### TASK PROMPT
The answer consists solely of the lines running from the one with "В предвыборной газете" through the final line below, transcribed exactly and without any pictures.

### SUPPLIED MATERIAL
=====

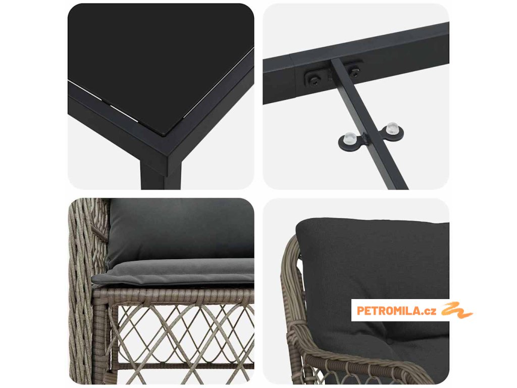 Moderní konstrukce: Vyrobeno z práškově lakované oceli a poly ratanu pro pevnost a elegantní vzhled. Tato kombinace zajišťuje, že set odolává povětrnostním vlivům, což zaručuje jeho dlouhou životnost a stylový vzhled, ideální pro venkovní akce. Pohodlná vylepšení: Obsahuje sedací polštáře vyrobené z venkovní tkaniny, která odolává povětrnostním vlivům. Polštáře mají odnímatelné potahy, což zajišťuje snadnou údržbu a čistotu. Stylový povrch z tvrzeného skla: Vkusný stůl z tvrzeného skla, který se skvěle doplňuje se štíhlým černým rámem, dodává sofistikovanost a pohodlí vaší jídelně. Snadno se čistí a vylepšuje vzhled vašeho venkovního jídelního prostoru. Jednoduchá údržba: Navržen s ohledem na snadnou údržbu, kryt chraňte, když ho nepoužíváte, abyste set ochránili před deštěm a slunečním zářením. Tím zajistíte, že set zůstane v perfektním stavu pro jakékoli nečekané zahradní večírky. Ergonomické opěrky: Promyšlené ploché poly ratanové opěrky rukou nabízejí pohodlí, ideální pro odpočinkové stolování, ať už si vychutnáváte lehké jídlo nebo slavnostní rodinné party.- Barva: Šedá
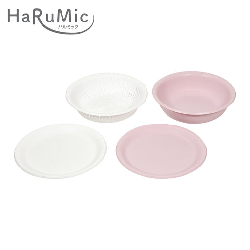 ハルミック カラー浅型ボウル・ザル22cm 4点セット(ペールピンク・ホワイト)
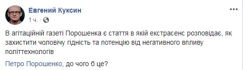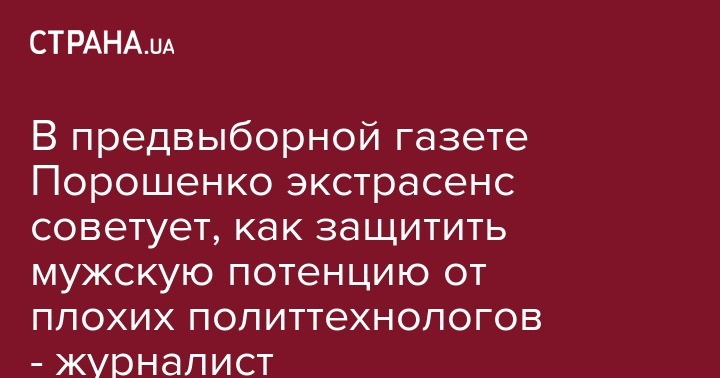 В предвыборной газете президента Петра Порошенко экстрасенс рассказывает, как защитить мужское достоинство и потенцию от негативного влияния политических технологов. Об этом на своей странице в соцсети Facebook сообщил журналист Евгений Куксин и выложил соответствующий скришот.
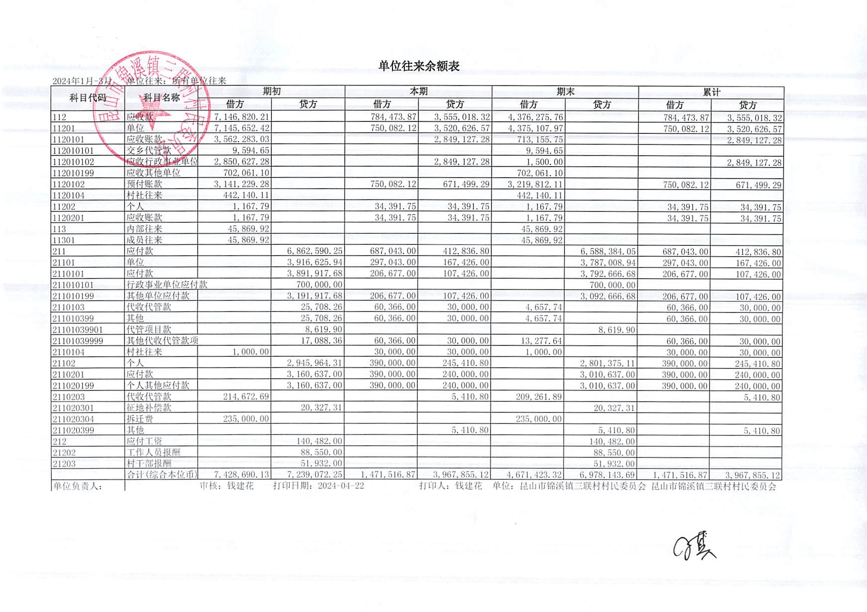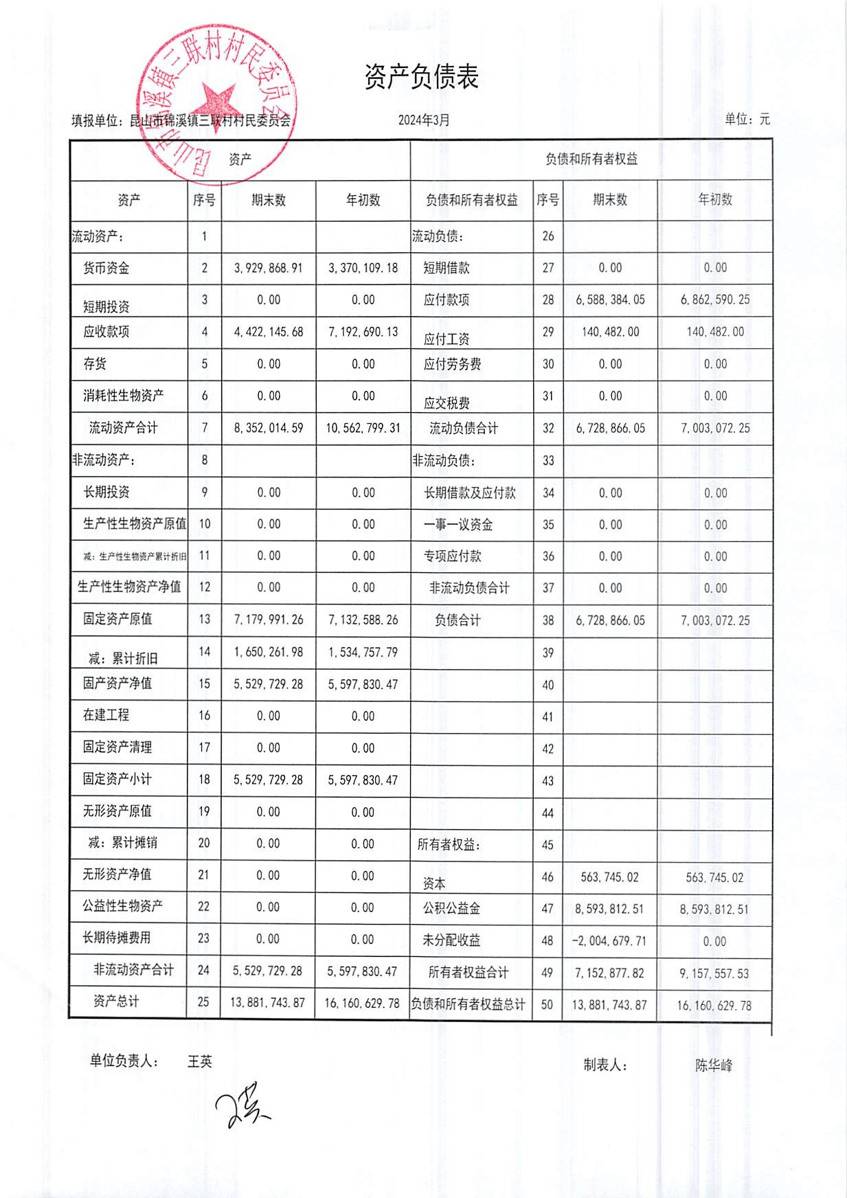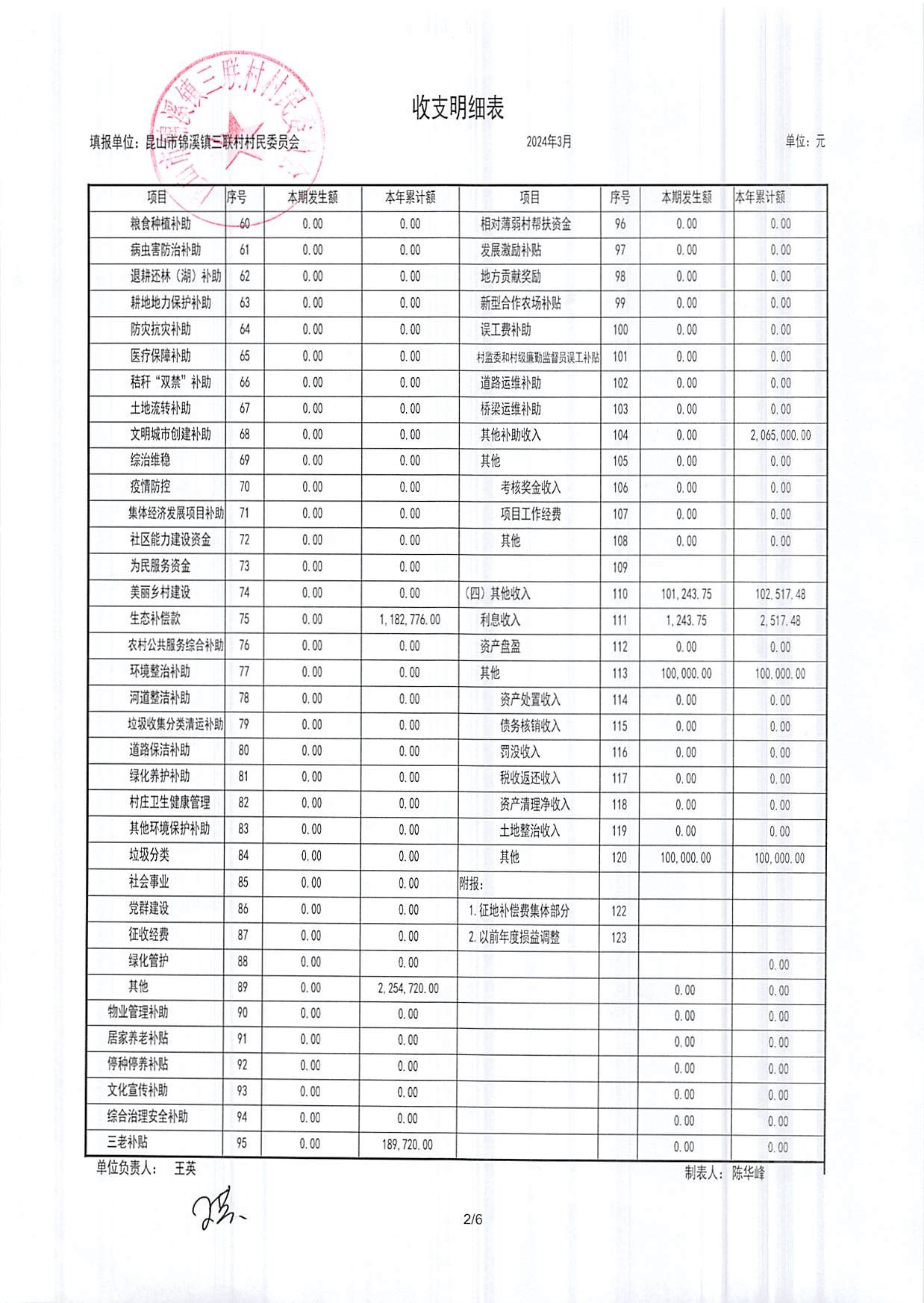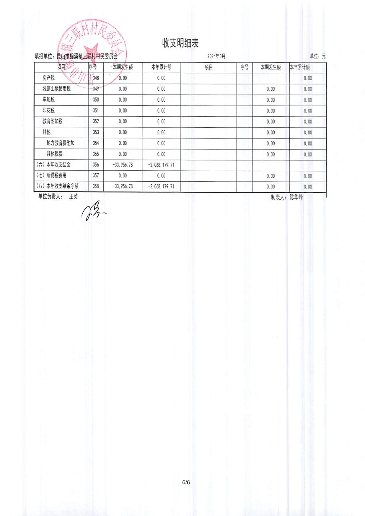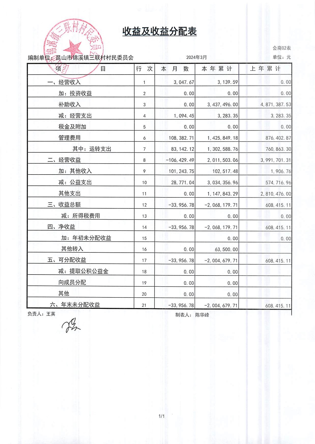 2024年三联村村委会3月份财务公开

=====

### THE COMPLETED TASK
 В предвыборной газете президента Петра Порошенко экстрасенс рассказывает, как защитить мужское достоинство и потенцию от негативного влияния политических технологов. Об этом на своей странице в соцсети Facebook сообщил журналист Евгений Куксин и выложил соответствующий скришот.
 2024年三联村村委会3月份财务公开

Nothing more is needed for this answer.